У Сороки лопнуло терпение, он захлопнул книжку, стремительно поднялся и подошел к рабочим. Серые глаза его не выражали ничего. Разве только сдвинутые темные брови да вертикальная морщина на переносице выдавали гнев. Остановившись перед Гайдышевым, который стал беспокойно озираться на своих приятелей, Сорока сверху вниз посмотрел на него.
- Повтори, что ты сказал, - не повышая голоса, произнес он.
- Пошел ты... - буркнул Гайдышев. Чувствовалось, что он растерялся. Пожрать человеку не дадут...
Сорока нагнулся: схватил его за грудки и, как школьника, поставил перед собой.

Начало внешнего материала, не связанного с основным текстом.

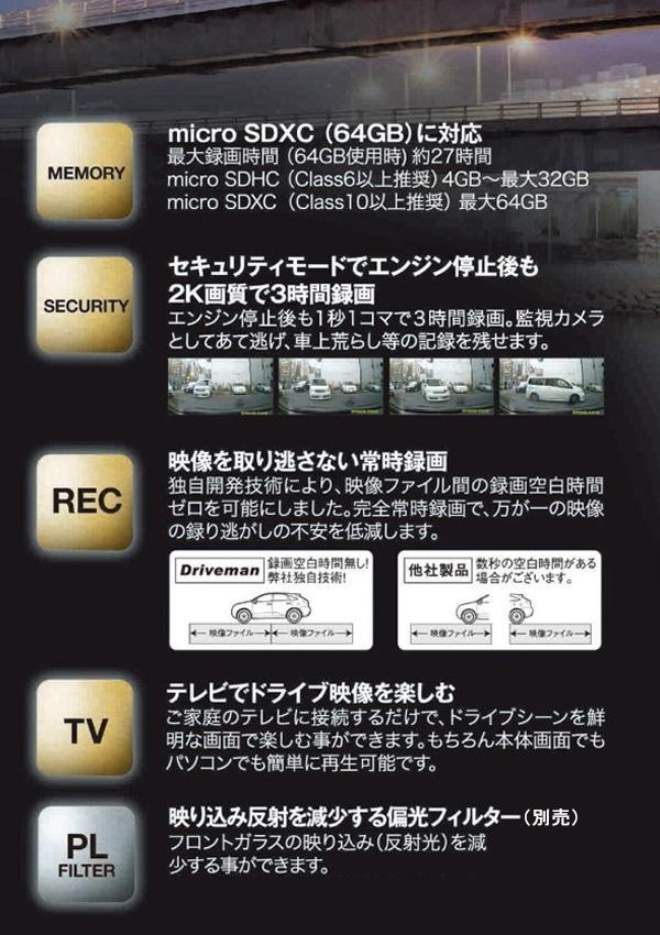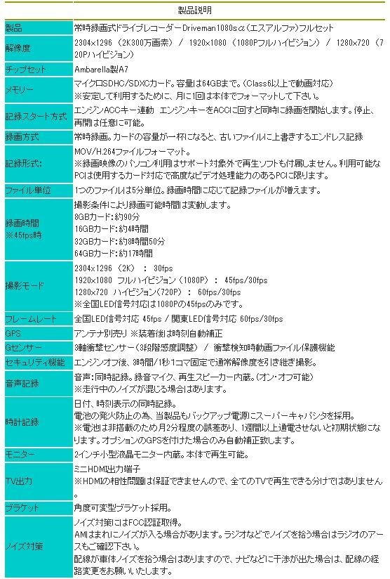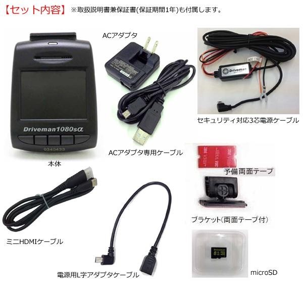 | セット内容 | 本体 セキュリティ対応3芯電源ケーブル(約3m) 電源用L字アダプタケーブル 可変式装着ブラケット(両面テープ装着済) 予備両面テープ 8GBmicroSDHCカード(Class6以上) ACアダプタ ACアダプタ専用ケーブル ミニHDMIケーブル 取扱説明書兼保証書(保証期間1年) |
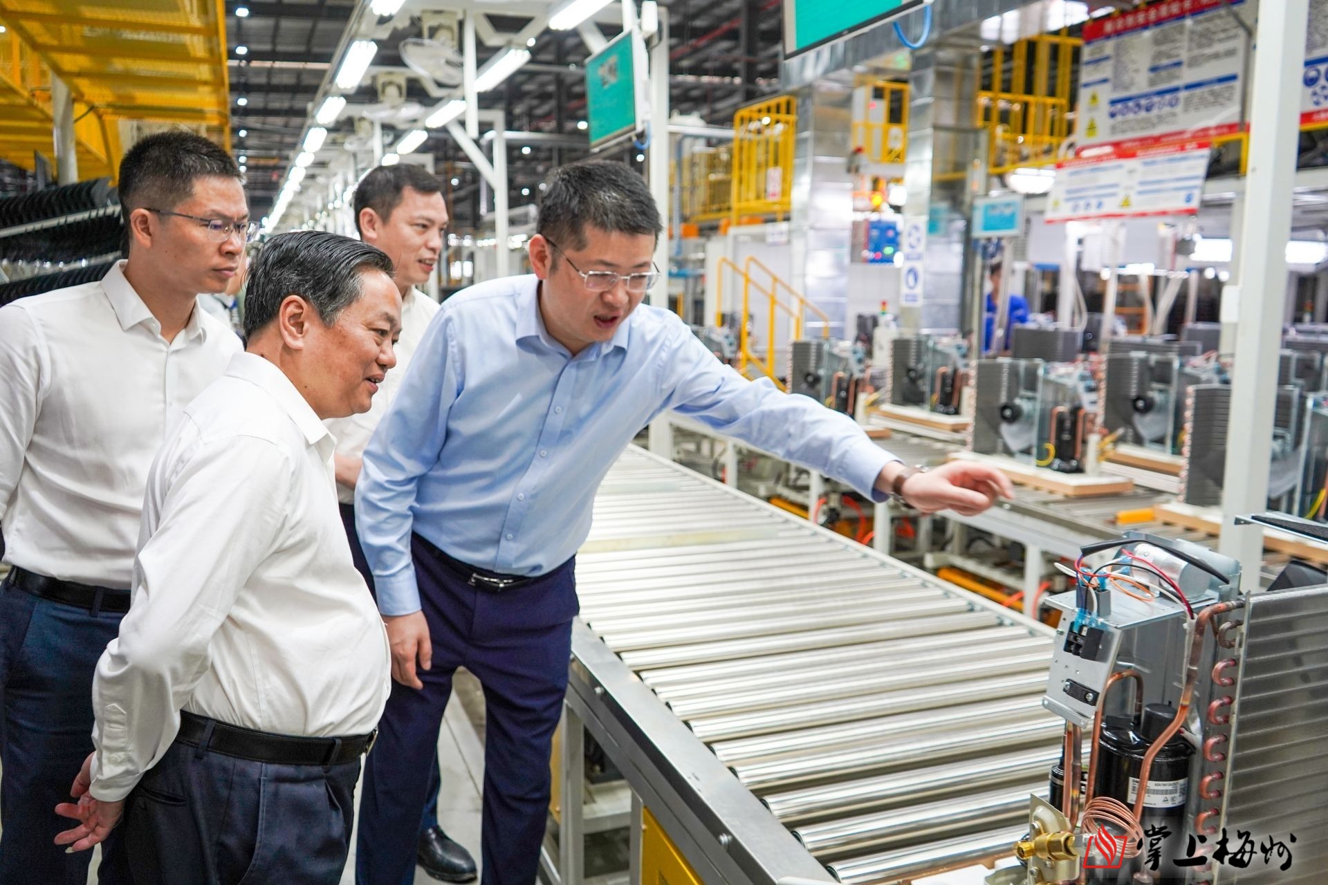 在津晶集团柳州智能家电产业园组装基地,梅县区考察团认真听取了空调等智能家电研发、生产、销售以及市场前景介绍,详细了解智能家电上下游集聚发展、自动化生产情况,希望津晶集团配强力量、加快进度,力促梅县智能家电产业园8月份动工建设。
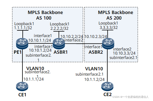 图1配置OptionB方式跨域BGP VPLS(ASBR兼做PE)组网图
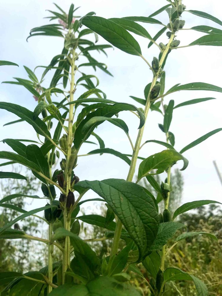 胡麻はまだまだ成長中。上の方には花が咲いています。下の方の実が黒くなってきているので、いつ収穫したらいいのかと考慮中です。
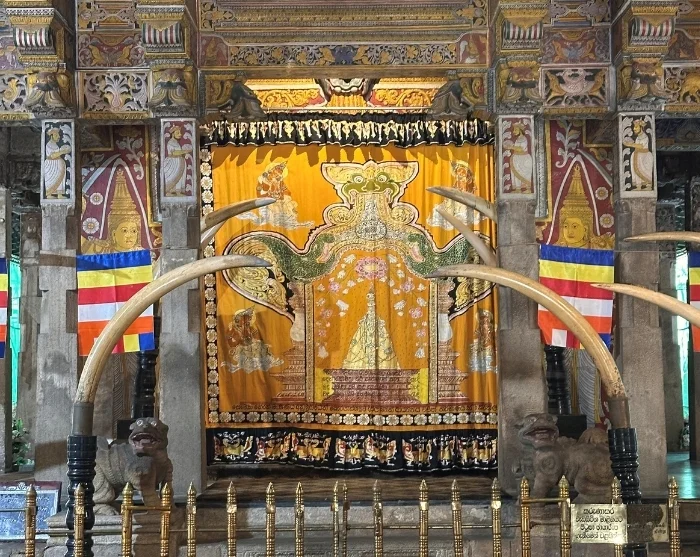 Wenn der Nachmittag heranbricht, bietet ein Besuch des Zahntempels die Möglichkeit, den Buddhismus hautnah zu erleben. Dieser heilige Tempel ist ein Hauptgrund, warum Kandy Teil des UNESCO-Welterbes ist, und soll einen der Zähne Buddhas beherbergen, der 1590 aus Indien nach Sri Lanka geschmuggelt wurde. Wenn Sie ein Ticket im Voraus gebucht haben, können Sie danach eine Tanzshow in einem nahegelegenen Kulturhaus besuchen, die traditionellen sri-lankischen Tanz mit Feuer, Trommeln und bunten Kostümen präsentiert.

Гайдышев сгорбился, втянул шею в плечи, глаза его смотрели зло и настороженно. Длинный Боб спокойно тянул молоко из бутылки и улыбался, Миша Лунь раскрыл рот, выпуклые глаза его моргали.
- Ты хоть понимаешь, что плетешь? - Сорока встряхнул его, будто мешок с отрубями, и Гайдышев чуть язык не прикусил. Слышно было, как в его карманах звякнули гаечные ключи.
- Ну чего ты? - забормотал он. - Убери руки-то!
- Дурак ты, Гайдышев, - с отвращением сказал Сорока и силком посадил его на бревно. - На твоем месте надо как можно реже раскрывать рот... - Он обвел взглядом рабочих. - А вы сидите и слушаете эту чушь... Только подонки могут так рассуждать, как этот... - Он с презрением взглянул на сникшего Леньку. - Еще причисляет себя к рабочему классу... Какой ты рабочий? За рубль маму родную продашь...
Повернулся и зашагал вдоль забора к цеху.
- Ну, гад! Видали, какой правильный выискался?.. - негроко, чтобы не услышал Сорока, пробормотал Гайдышев.
- А что? - сказал Саша Дружинин. - Правильно тебе врезал Сорокин! Противно смотреть, как вы облапошиваете клиентов! С этими масленками... Что, не так?
С лица Леньки Гайдышева еще не сошла растерянность. Сигарета во рту потухла, и он ее с отвращением выплюнул.
- Руки, сволочь, распускает... - пробормотал он.
- А ты - язык, - поддел его Вася Билибин. - Не на того, Леня, нарвался! Где сядешь, там и слезешь!..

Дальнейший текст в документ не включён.